Skilled Medical Writers understand that information contained in guidances from Regulatory Authorities, such as the FDA, can be turned into checklists that mirror the requirements outlined in sections such as, for example, Chemistry, Manufacturing and Controls (CMC), thus ensuring that Sponsors have a clear roadmap for compliance throughout the trial.
Crafting Aligned Checklists
Consider the intricate process of genome editing component design—a cornerstone of many biopharmaceutical interventions. Medical Writers have the ability to delve into the nuances of regulatory guidances, extracting key requirements related to component design, manufacturing, and testing. With precision, they can translate these requirements into comprehensive checklists that serve as a guide for the documents they author. From the description of design platforms to the detailed procedures for quality control and assurance, each element is meticulously aligned with the CMC sections of the guidances, providing Sponsors with a roadmap for compliance and success.

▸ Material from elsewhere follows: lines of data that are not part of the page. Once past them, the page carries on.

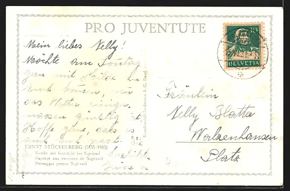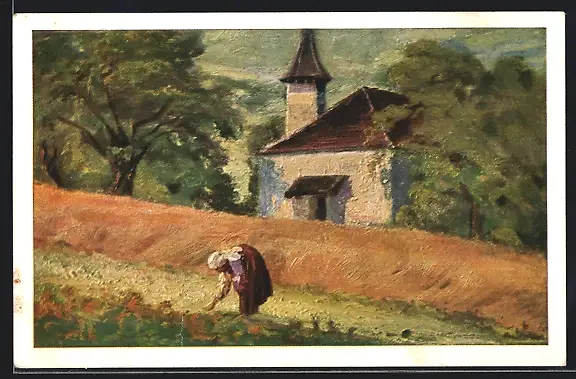 Künstler-AK Sigriswil, Kirche mit Kornfeld und Bäuerin, Pro Juventute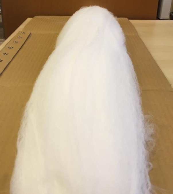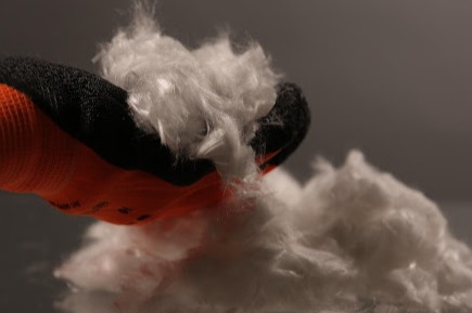 Образцы войлока из Ф-4, полученного термоскреплением, и ваты из волокон Ф-4 и СВМПЭ.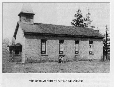 Dies ist eine Großaufnahme der Kirche in der Racine Avenue. Die Thiessenhusens besuchten die Gottesdienste hier von 1865 bis 1880. Obwohl Kirche und Pfarrhaus 1955 abgerissen wurden, blieb der Friedhof erhalten. Der wird heute von der New Berlin Historical Society gepflegt.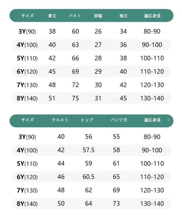 | サイズ | 90cm(3Y) 100cm(4Y) 110cm(5Y) 120cm(6Y) 130cm(7Y) 140cm(8Y) |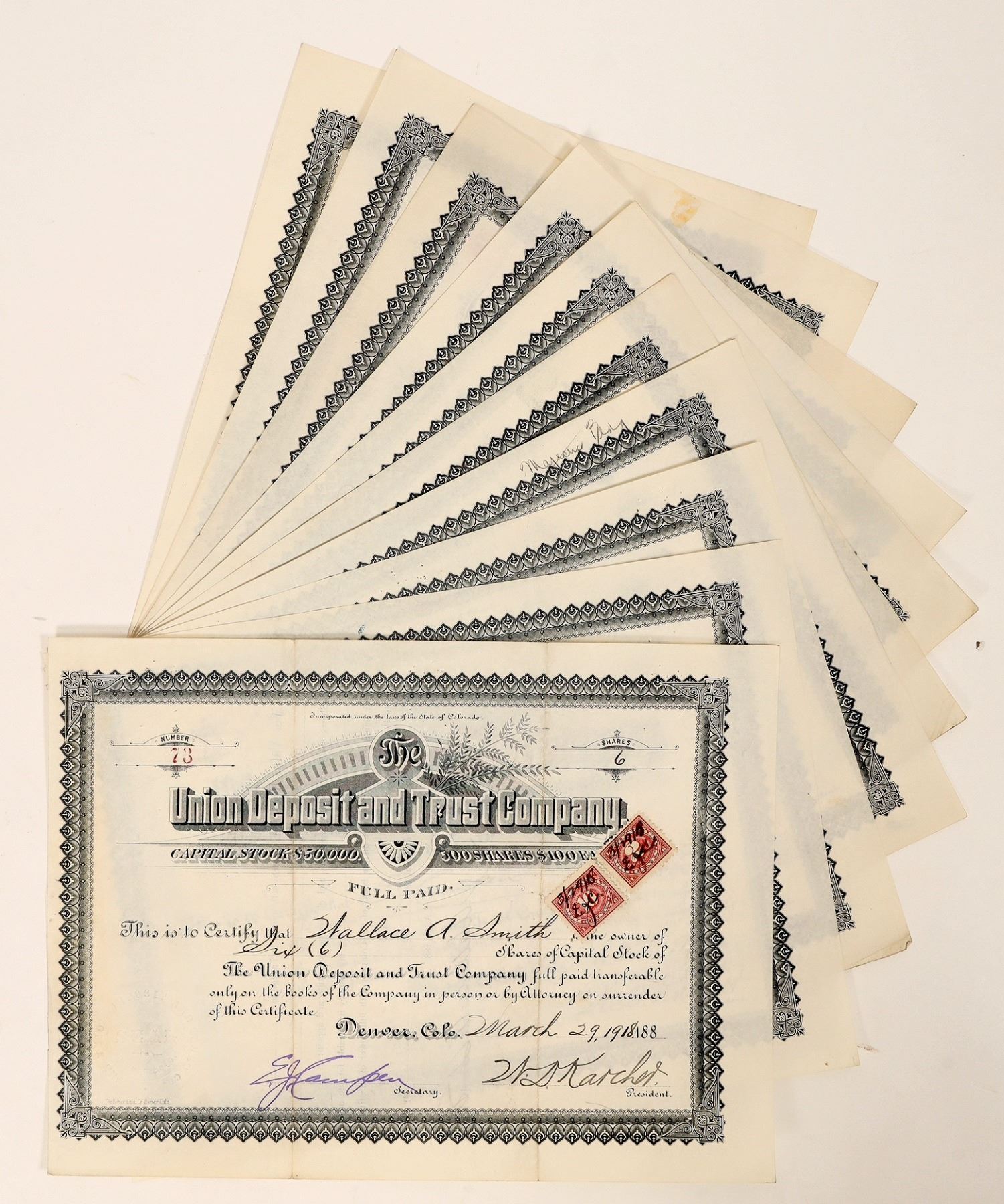A collection of 10 Union Deposit & Trust Company stock certificates, from Denver, Colorado, c1908-23. Seventeen revenue stamps. All with embossed seal & issued. Some canceled.[ Colorado Ken Prag Collection
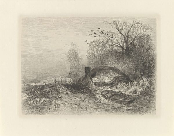Curator: Sir John Charles Robinson, active during the latter half of the 19th century, presents a study in contrasts with his etching, "Newton Manor." Editor: It feels gloomy. Is it supposed to depict a storm coming in, or maybe the long shadow of industrialization creeping over the countryside? Curator: Note the artist’s use of hatching and cross-hatching. Consider how the density of lines evokes atmospheric perspective, guiding the eye through the composition. Editor: The livestock in the foreground juxtaposed with the dilapidated structures suggests a commentary on rural decline, perhaps a critique of the economic disparities of the era. Curator: The technical skill is evident in the modulation of light and shadow, creating a visual experience that transcends mere representation. Editor: Absolutely. It's a hauntingly beautiful, if somewhat disheartening, snapshot of Victorian England and a reminder of its social contradictions.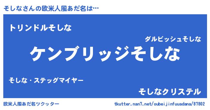 | ヘコむあだ名 | 『豆乳』『そしな(笑)』『そしにゅー』 |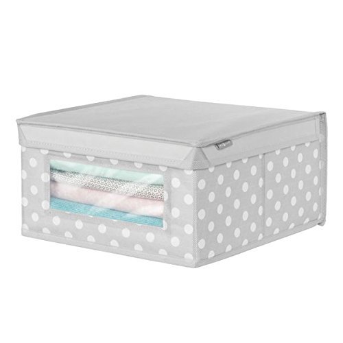 mDesignソフトスタッカブルファブリッククローゼットオーガナイザーストレージホルダーボックス – クリアウィンドウ、接続されたヒンジ蓋、子の/ベビールーム、保育園、Playroom – ポルカドットパターン – ミディアム、ライトグレーwithホワイトドット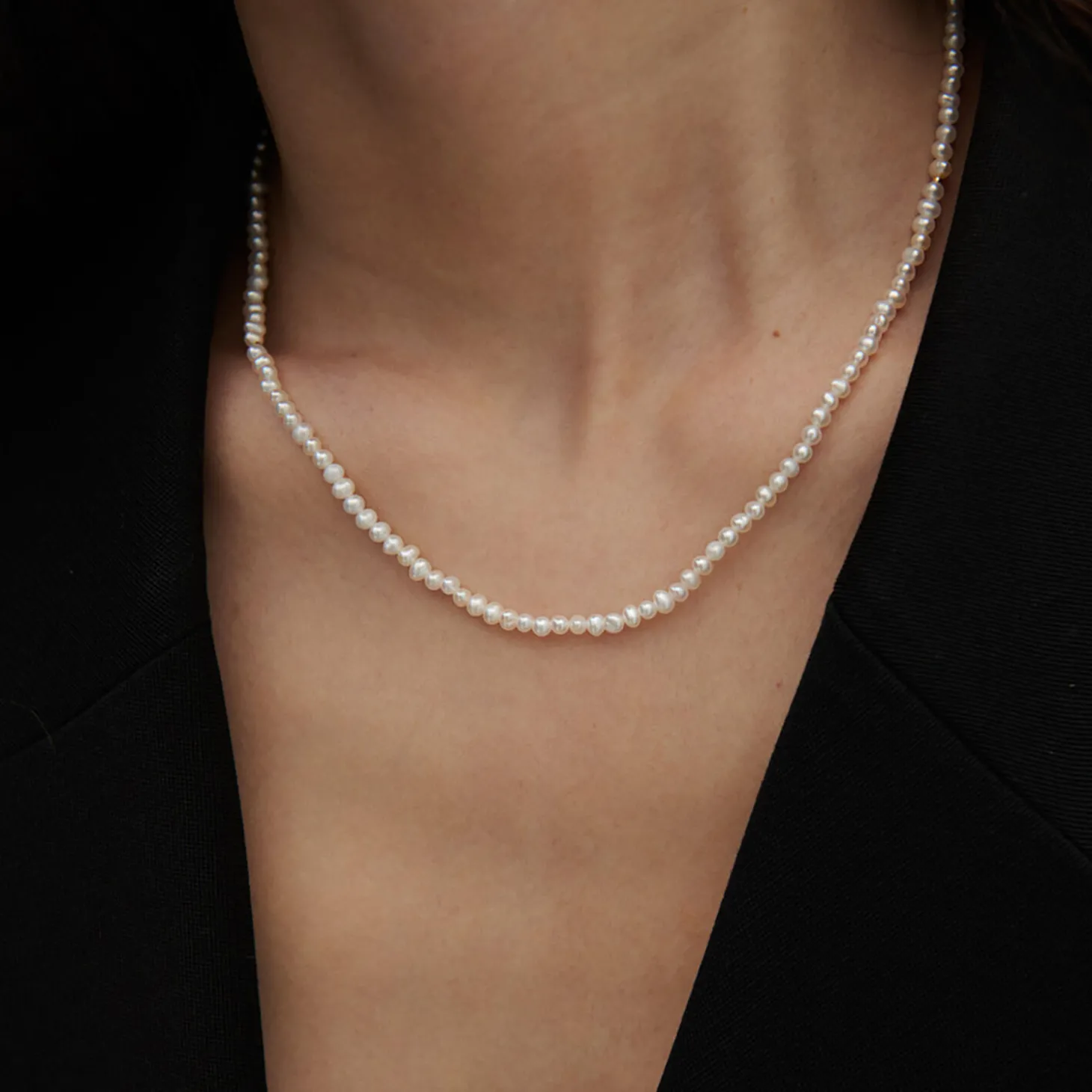 Mød Sky halskæden. Håndlavet på vores eget værksted i Danmark. En af vores håndlavede klassikere, der passer perfekt til din personlige kollektion. Simple, gyldne glasperler er sat sammen med vores runde ferskvandsperler, der hver har diskrete forskelle i form og farve.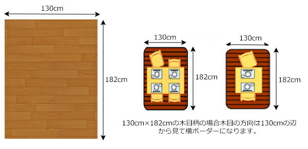※木目の柄は130cmの辺から見て横ボーダーになります。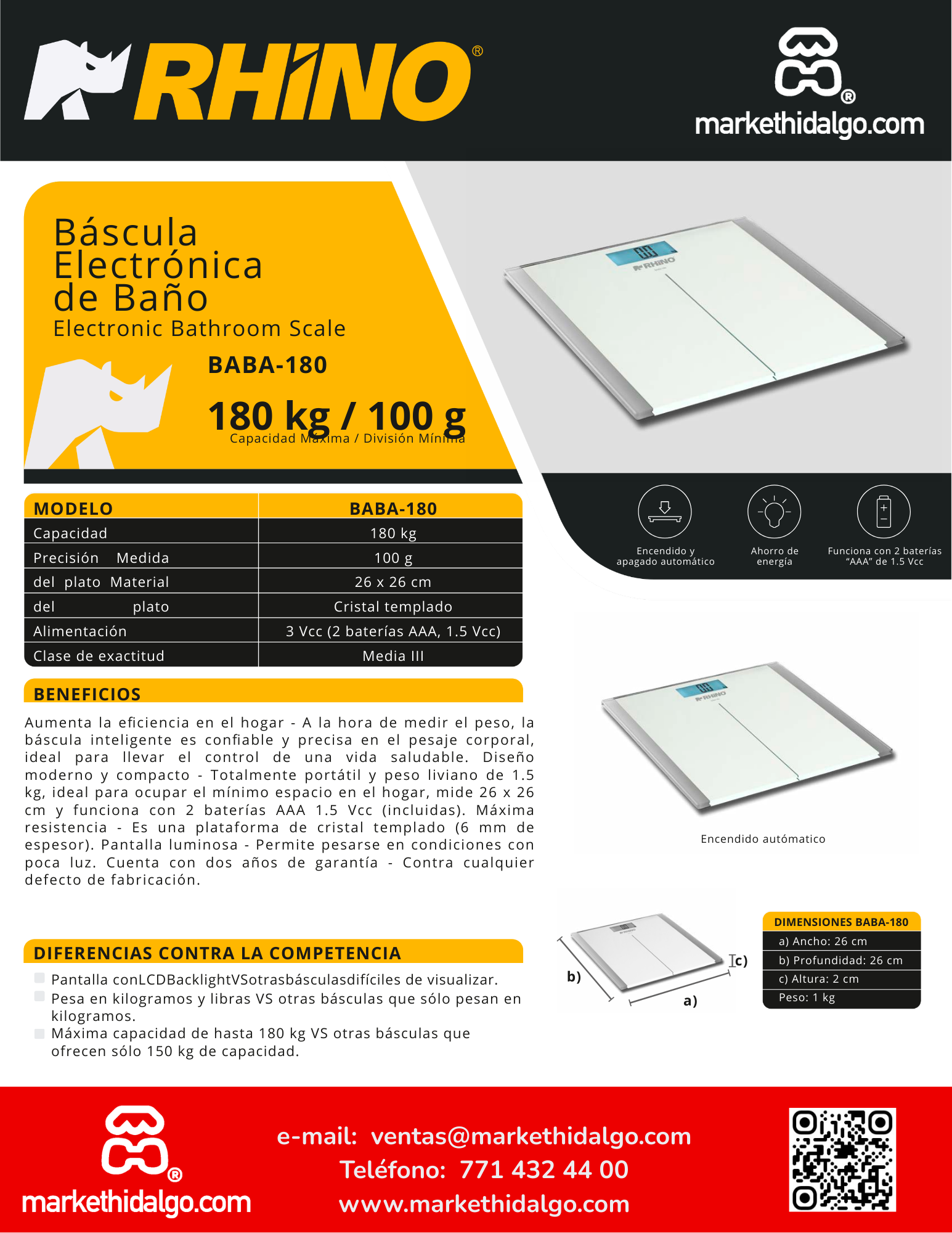 Báscula Inteligente de Salud Transforma tu bienestar con precisión y tecnología avanzada. Características principales: La báscula inteligente ofrece una medición precisa y confiable del peso corporal y más. Además de calcular el peso, te permite obtener datos esenciales sobre tu salud, como el Índice de Masa Corporal (IMC), porcentaje de grasa corporal (%GC), tasa metabólica basal (TMB) y más. Con conectividad Bluetooth 4.0, puedes controlar todos estos datos desde una app en tu dispositivo móvil. Beneficios destacados: • Mediciones completas de salud: Calcula IMC, porcentaje de grasa corporal, tasa metabólica basal, nivel de agua corporal, edad corporal, masa muscular, y masa esquelética. • Conectividad Bluetooth 4.0: Se conecta fácilmente a tu dispositivo móvil para un control completo desde la app. • Pantalla luminosa: Su pantalla LCD Backlight permite ver claramente los resultados, incluso en ambientes con poca luz. • Fácil de usar: Funciona con 2 baterías AAA de 1.5 Vcc (incluidas), lo que la hace ideal para uso en cualquier lugar del hogar. • Garantía de 2 años: Respaldo contra defectos de fabricación, asegurando durabilidad y tranquilidad. ¡Controla tu salud con tecnología avanzada! Mide y analiza tu bienestar de manera precisa con la báscula inteligente. ¡Obtén la tuya ahora y lleva tu salud al siguiente nivel!

Having created in-house checklists, Medical Writers can verify that any of their deliverables meets the specifications as suggested by the FDA for the specific therapeutic area. Converting the FDA’s guidances into tangible checklists can be seen in the example of the CMC section of the GE guidance. Here, most notably, GE Component Design describes why chosen design platforms are selected based on:
- Genomic targets and intended modifications
- Rationale for design and screening processes
- Sequences of GE components and expression constructs
- Optimization strategies reducing off-target genome modification risk
Analogously, the FDA guidance on CAR‑T can be turned into checklists as well. For example, the Vector Manufacturing and Testing section, should cover items such as:
- Characterization and testing of the vector structure, master, and working cell banks
- Stability studies for vectors
- Vector lot release testing
- Safety measures (such as sterility, mycoplasma, endotoxin, and adventitious agent testing)
- Identity, purity, biological activity, and strength of the vector
In the same CAR-T FDA guidance, the Collection, Handling, and Testing of Cellular Starting Material section checklist should look like the following:
- Describing procedures for handling leukapheresis starting material
- Determine donor eligibility for allogeneic leukapheresis material
- Test starting material for microbial contamination (e.g., sterility)
- Optionally characterize starting material (e.g., CD4+ and CD8+ T‑cells, NK cells, monocytes, and B‑cells)
- Proper labeling and tracking throughout the CAR‑T cell manufacturing process
These checklists help ensure the Sponsors are equipped with a plan for success that comes from Medical Writers dissecting complex regulatory guidelines and distilling them into actionable insights.
Empowering Trial Success: Leveraging Expertise
By leveraging their deep understanding of industry best practices, Medical Writers empower Sponsors to optimize trial design and execution, ensuring that patient safety remains paramount at every stage.
In the ever-evolving landscape of biopharmaceutical development, the role of Medical Writers as stewards of clarity and compliance cannot be overstated. Through their expertise and dedication, they help bridge the gap between vision and execution.